For common sources (webcam, file path, RTSP URL), use `degirum_tools.predict_stream(model, source)`. When you need **c**ustom capture, inline processing, or per-frame metadata, use `predict_batch` with your own generator.

## How predict\_batch works

`model.predict_batch(source_iterable)` accepts any Python iterator or generator that yields either:

* `frame`: a NumPy array shaped H×W×3, dtype=uint8, BGR format.
* `(frame, frame_info)`: same `frame` plus a free-form `dict` (`frame_info`) that is returned as `result.info`.

**This allows you to**:

* **Attach metadata**: for syncing, routing, or auditing (e.g., `{"camera_id":"dock-3","frame_index":42,"ts_ms":1712345678901}`).
* **Preprocess inline**: rotate, resize, crop, denoise, or convert colors before yielding.
* **Use any source**: PiCamera2, GStreamer, PyAV/FFmpeg, SDK callbacks, image folders, or synthetic frames.

## Lifecycle & flow

* **One result frame**: outputs are returned in order.
* **An analyzer** (if used): tile, track, and zone analyzers return a single merged result per frame.
* **Back-pressure aware**: `predict_batch` pulls frames at the model’s pace. Don’t busy—if you capture asynchronously, use a bounded queue and `yield` from it.
* **Termination**: stop iteration to end the stream. Always release devices and pipelines in a `finally` block inside your generator.
* **Errors handling**: skip bad frames, log, and continue.

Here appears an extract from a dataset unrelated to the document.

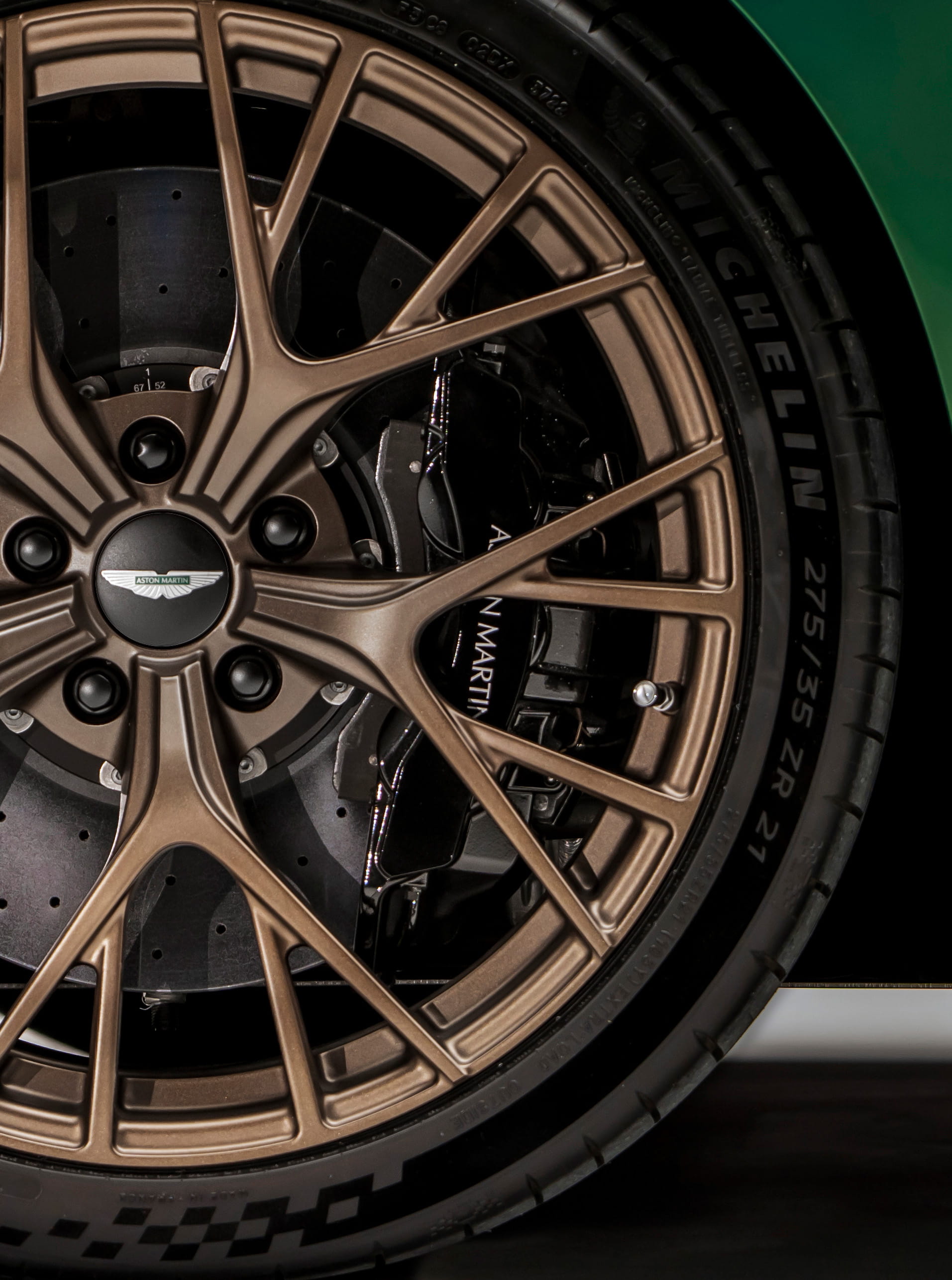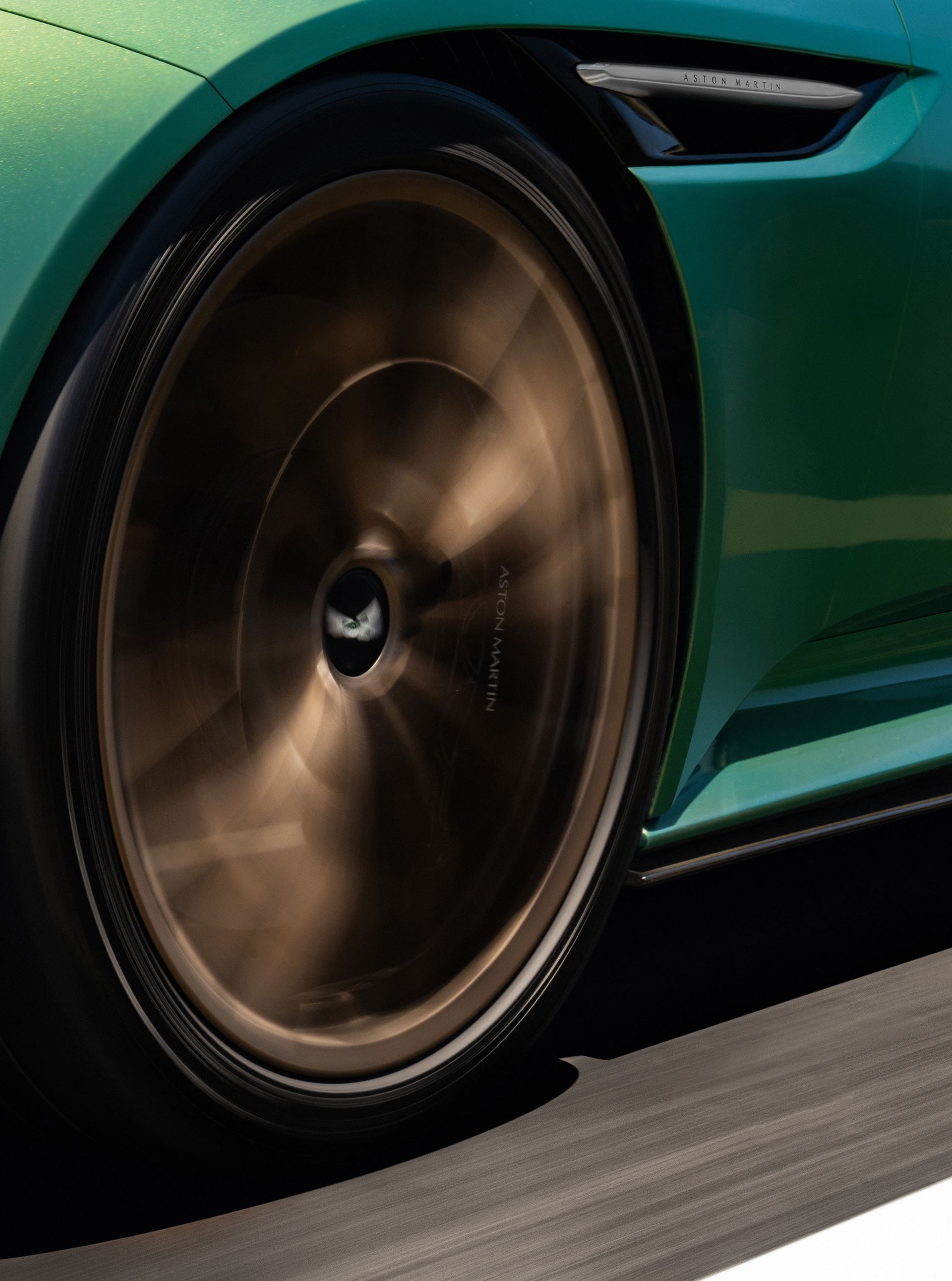 DB12 osadzony jest na nowych, 21-calowych kutych felgach z lekkiego stopu, zaprojektowanych, by perfekcyjnie współgrać z nawierzchnią. To debiut nowej opony Michelin Pilot Sport S 5 – stworzonej wspólnie z Michelin, by zapewnić maksymalną precyzję prowadzenia i błyskawiczną reakcję. Ręcznie opracowana mieszanka gwarantuje przyczepność zarówno na suchym, jak i mokrym asfalcie, a wkładki tłumiące hałas redukują dźwięk toczenia o 20%. Jeszcze więcej wyrafinowania. Jeszcze większy komfort.

For a stuck backend, signal failure in `frame_info` or break and restart the pipeline.

## Common setup

{% code overflow="wrap" %}

```python
from degirum_tools import ModelSpec, Display, remote_assets
import degirum_tools
import cv2

# Describe & load the model once
model_spec = ModelSpec(
    model_name="yolov8n_coco--640x640_quant_axelera_metis_1",
    zoo_url="degirum/axelera",
    inference_host_address="@local",
    model_properties={
        "device_type": ["AXELERA/METIS"],
        "overlay_color": [(0, 255, 0)],
        # Optional: "output_class_set": {"car", "person"}  # filter labels
    },
)
model = model_spec.load_model()

# Sample asset (or use your own path, or 0 for webcam)
video_path = remote_assets("Traffic.mp4")
```

{% endcode %}

### Example: OpenCV source (with frame\_info)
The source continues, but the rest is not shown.